(Your assignment): Repeat exactly the lines below, from the line containing "Волосы и прически для срисовки цветные" through the last line, both included. Leave out any pictures.
━━━━━━
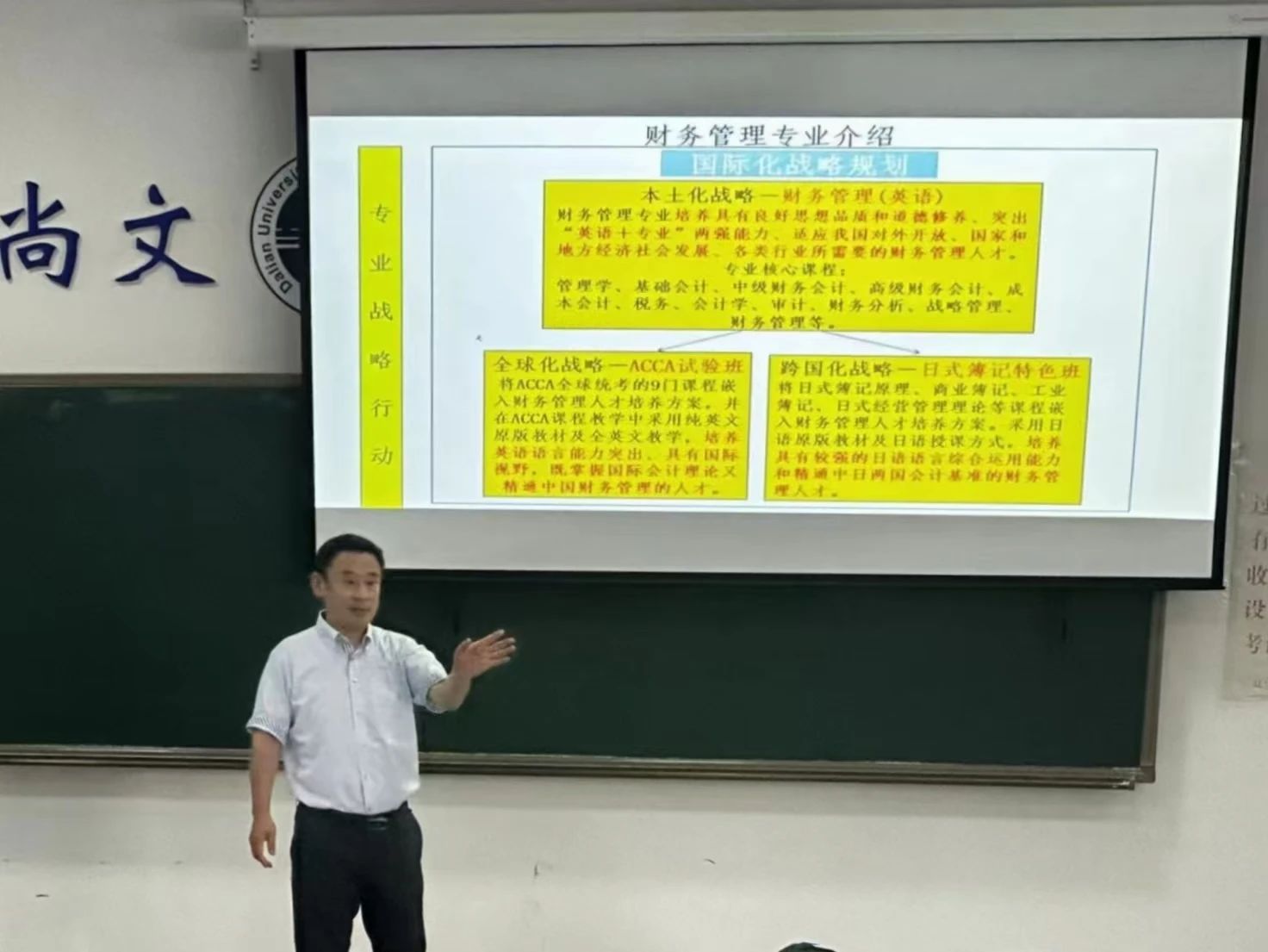 经济学教研室孙梁老师使用中英双语介绍了经济学专业的历史沿革、培养模式、发展前景等情况,建议大家在学习中要夯实专业基础,提升学科素养,及时关注经济动向,注重理论在实践中的应用。希望同学们能够兼顾好学业与生活,拥有丰富多彩的大学时光。
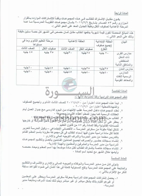 ينشر موقع السبورة اللائحة التنظيمية لمجموعات التقوية المدرسية داخل المدارس والتى أقرها محافظ بورسعيد، وجاءت كالتالى:
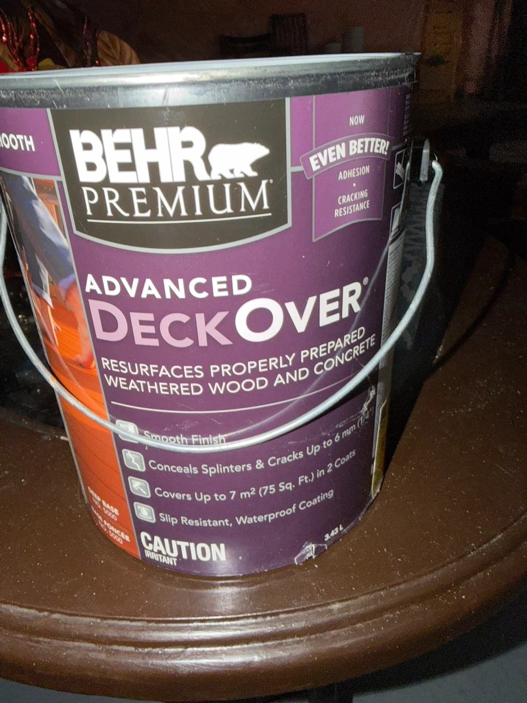 BEHR PREMIUM ADVANCED DECKOVER deck and concrete resurfacer. This paint offers a smooth finish, conceals splinters and cracks up to 6 mm, and covers up to 7 m² in 2 coats. It's slip resistant and waterproof! Great for properly prepared weathered wood and concrete surfaces.
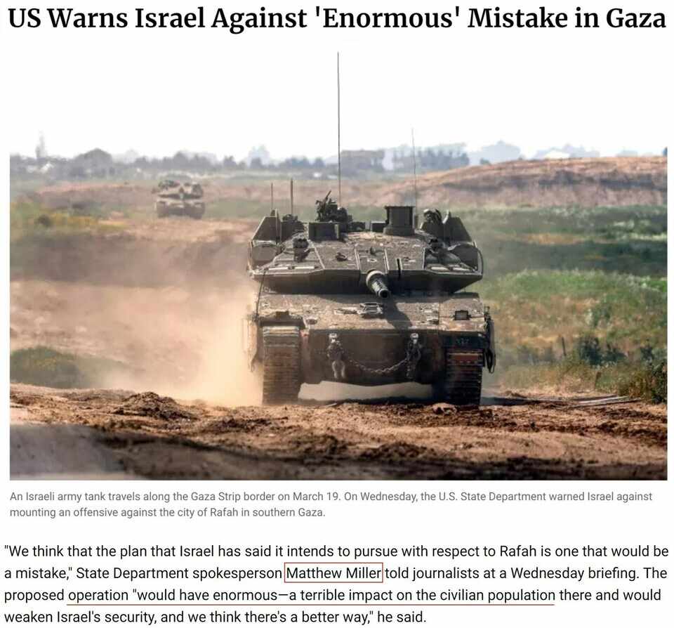 △美国《新闻周刊》:美国务院发言人米勒3月27日称,如果以军进攻拉法,将对平民造成可怕影响。
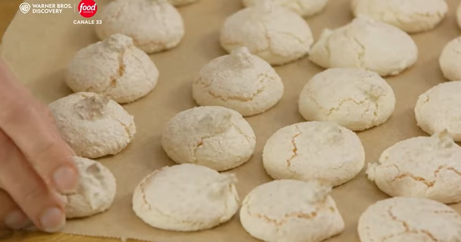 Su una teglia con carta forno, disponiamo dei ciuffi di impasto, come delle meringhe. Cuociamo in forno caldo e statico a 150° per 10 minuti.
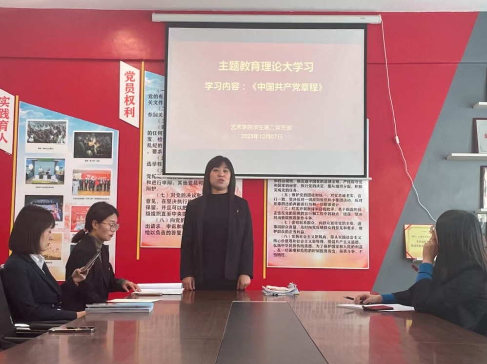 为扎实推进第二批学习贯彻习近平新时代中国特色社会主义思想主题教育走实、走深,进一步加强党员队伍建设,增强党性修养,提高党员学习质量,12月7日,艺术学院党总支组织各支部开展《中国共产党章程》理论大学习。
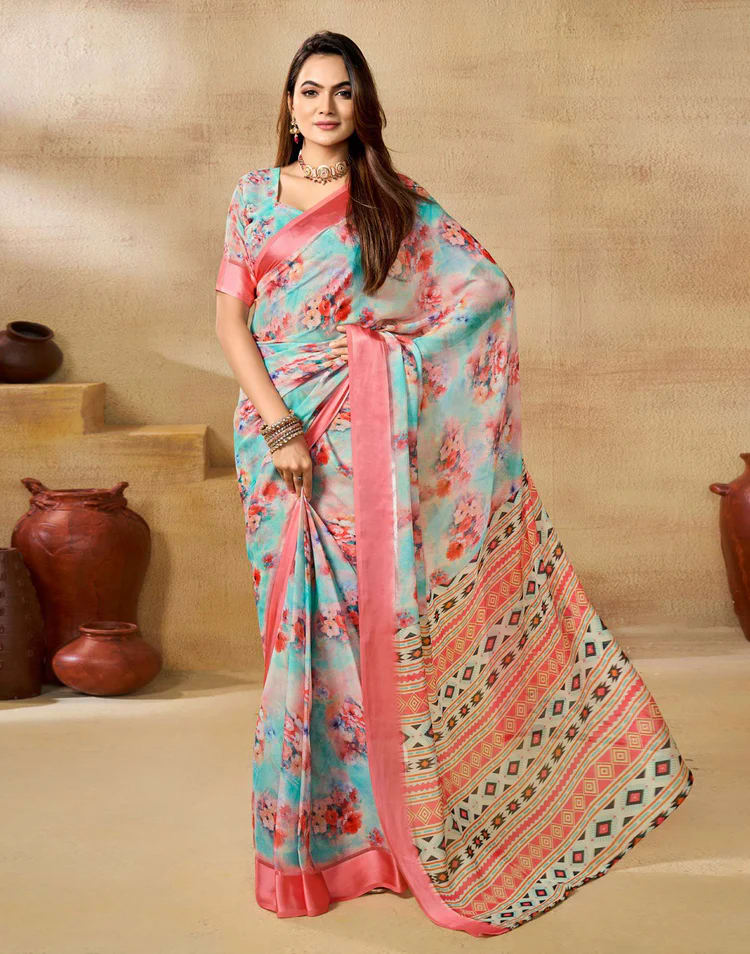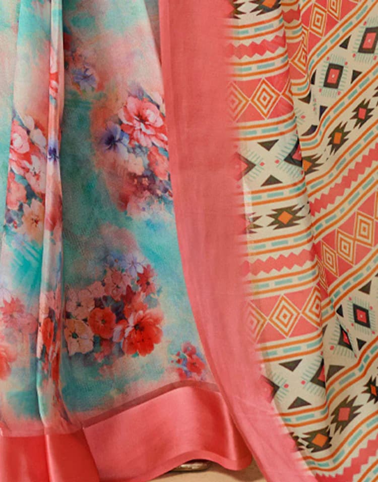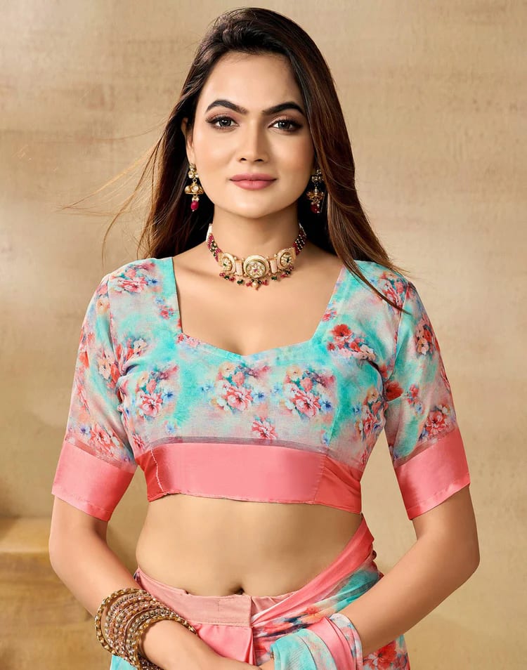Saree Fabric : Georgette Saree Color : Sea Green, Peach, Multicoloured Saree Work : Floral Printed, Sati Border (Ready To Wear) Saree Length : 5.50 Mtr Type : Floral Printed Blouse Color : Sea Green, Peach, Multicoloured Blouse Fabric : Georgette Blouse Work : Floral Printed, Satin Border Blouse Length : 0.80 Mtr Wash And Care : Hand Wash only. Do not dry in direct sunlight Size And Fit : The model height is 5.7 ft Sales Package : 1 Ready To Wear Saree With Attached Unstitched Blouse Weight : 0.49 Kg
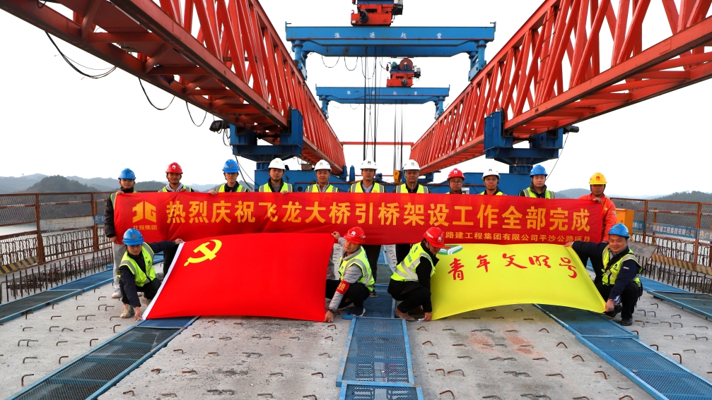 12月12日,伴隨著架橋機的轟鳴聲,飛龍大橋引橋沙坪側最后一片30m預應力混凝土T形結構梁緩緩落在橋墩上。至此,飛龍大橋完成全部72片T梁架設工作,為實現全橋合龍打下堅實基礎。
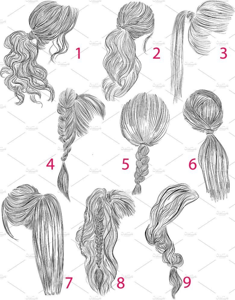Волосы и прически для срисовки цветные
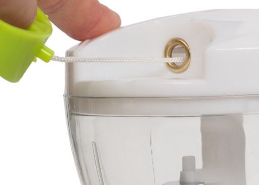 Nasza szatkownica jest wielofunkcyjna. Siekacz, po wyjęciu mechanizmu siekającego i nałożeniu pokrywy na pojemnik, może służyć jako lunchbox, w którym możemy przechowywać sałatkę. Wystarczy wyjąć mechanizm siekający i nałożyć pokrywę na pojemnik.
━━━━━━
(Answer area):
Волосы и прически для срисовки цветные
 Nasza szatkownica jest wielofunkcyjna. Siekacz, po wyjęciu mechanizmu siekającego i nałożeniu pokrywy na pojemnik, może służyć jako lunchbox, w którym możemy przechowywać sałatkę. Wystarczy wyjąć mechanizm siekający i nałożyć pokrywę na pojemnik.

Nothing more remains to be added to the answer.